WHAT IS ZEN & THE ART OF PHOTOGRAPHY?

Is it time to put more meaning into your imagery and move past pretty pictures? Are you finding technically competent photographs often have nothing to say? Would you like to add a spiritual dimension to your photography? Have you have heard the term “Zen” thrown around with regard to art and photography but are not sure what it really means?

Zen is one of the most overused and least understood concepts, applied indiscriminately to almost everything in recent years. It is generally used as a replacement for ‘peaceful’ or ‘serene’ but really it means so much more than that. Although a sect of Buddhism, Zen is both religion and philosophy. There is much emphasis placed on fully experiencing the present moment. This is facilitated by practicing ‘zazen,’ which is sitting meditation and simply translates to ‘facing the wall’ while concentrating on your breath. So how does all of this relate to photography?

Bringing heightened awareness of the present moment to our photography, while tuning in visually and tuning out extraneous internal chatter or noise, can often help make simpler, more succinct and emotionally powerful photos. We are using our camera as a tool of connection rather than of separation. Continuing that experience of heightened awareness and connectedness to and in the present moment helps make photos at a deeper, more authentic level.

Be the camera. Be the film. Be the pixels. Be the subject. Be the print. We are bringing together the past (camera, lens and location choices) together with the future (visualizing the final print or image on the computer screen) with choices made in the present moment (shutter, aperture, lens focal length, perspective, composition, moment of shutter release). Even pre-visualization is practiced in the present moment. With this awareness of the effect of our choices, we learn how the camera ‘sees’ in order to better help your camera see like you do, more effectively expressing how you want your photos to look and feel.

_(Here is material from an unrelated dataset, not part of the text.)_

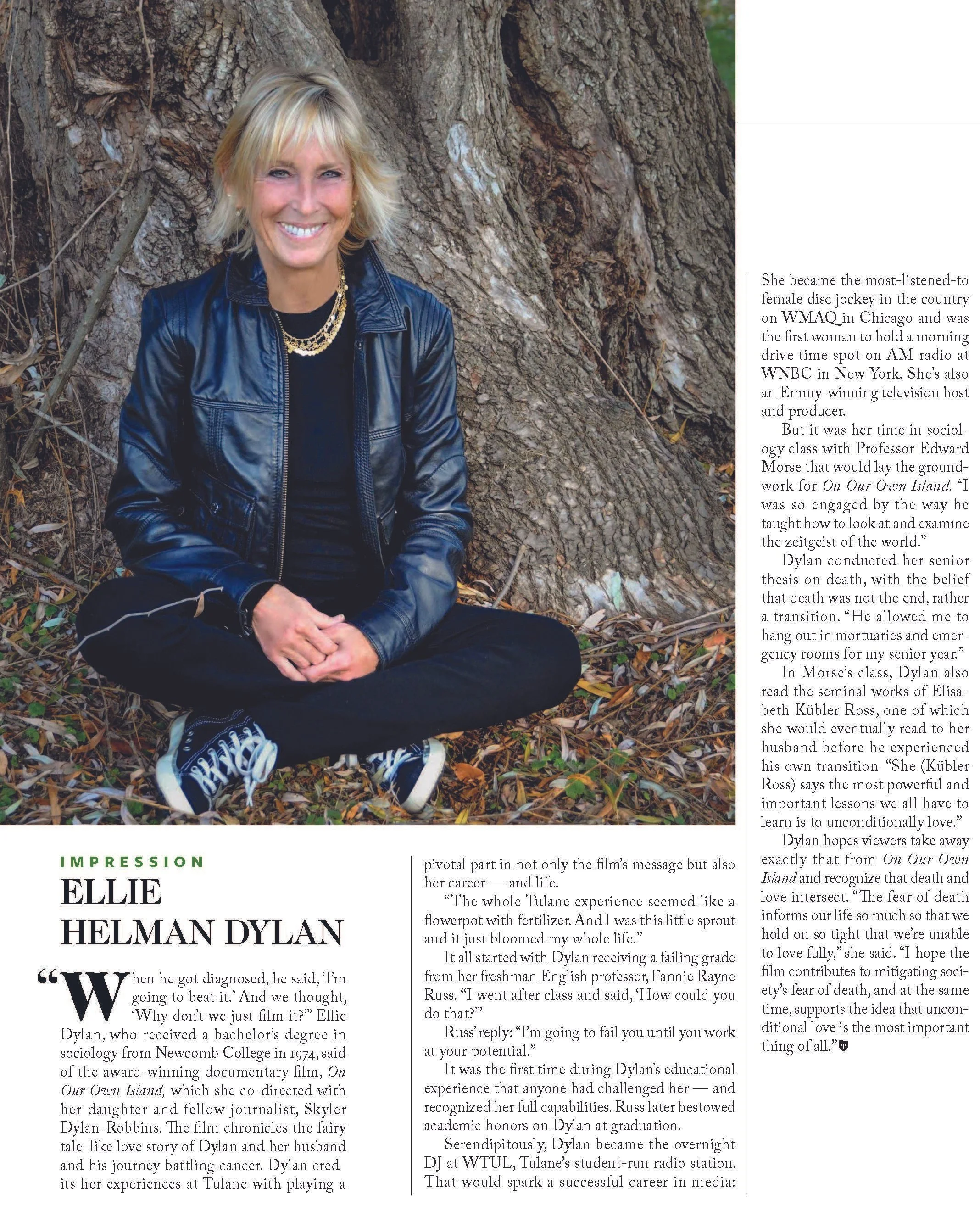 Most recently, Dylan’s feature documentary, On Our Own Island, which she co-produced with her journalist-daughter, is a true love story that is captivating audiences around the world. The film has garnered numerous awards and critical acclaim for its warmth and bravery, and continues to inspire people about the power of true love that endures, even beyond death.

By not being overly attached to results and by being ready to embrace what is given or already there, we expand our notion of what is appropriate subject matter for ourselves. It is less about what we photograph and more about how we photograph. It is about how we live and making conscious choices. There is acknowledgement and connection to materials (camera, film or memory card…) yet we are not bound by them. They are merely the tools we use to express ourselves, as a hammer and chisel are to the sculptor or paint and canvas to the painter. And yet in the Zen tradition, embracing paradox and inconsistency, we are our tools and our tools are us– no separation. We are also one with our subject as our subject is one with us– again, no separation. We are using our awareness and our camera to dissolve the illusion of separation between self and subject. Our spirit merges with the spirit of our subject to become one at the moment of exposure. This is the melding of our spiritual practice with our photography practice. This is Zen in the art of photography.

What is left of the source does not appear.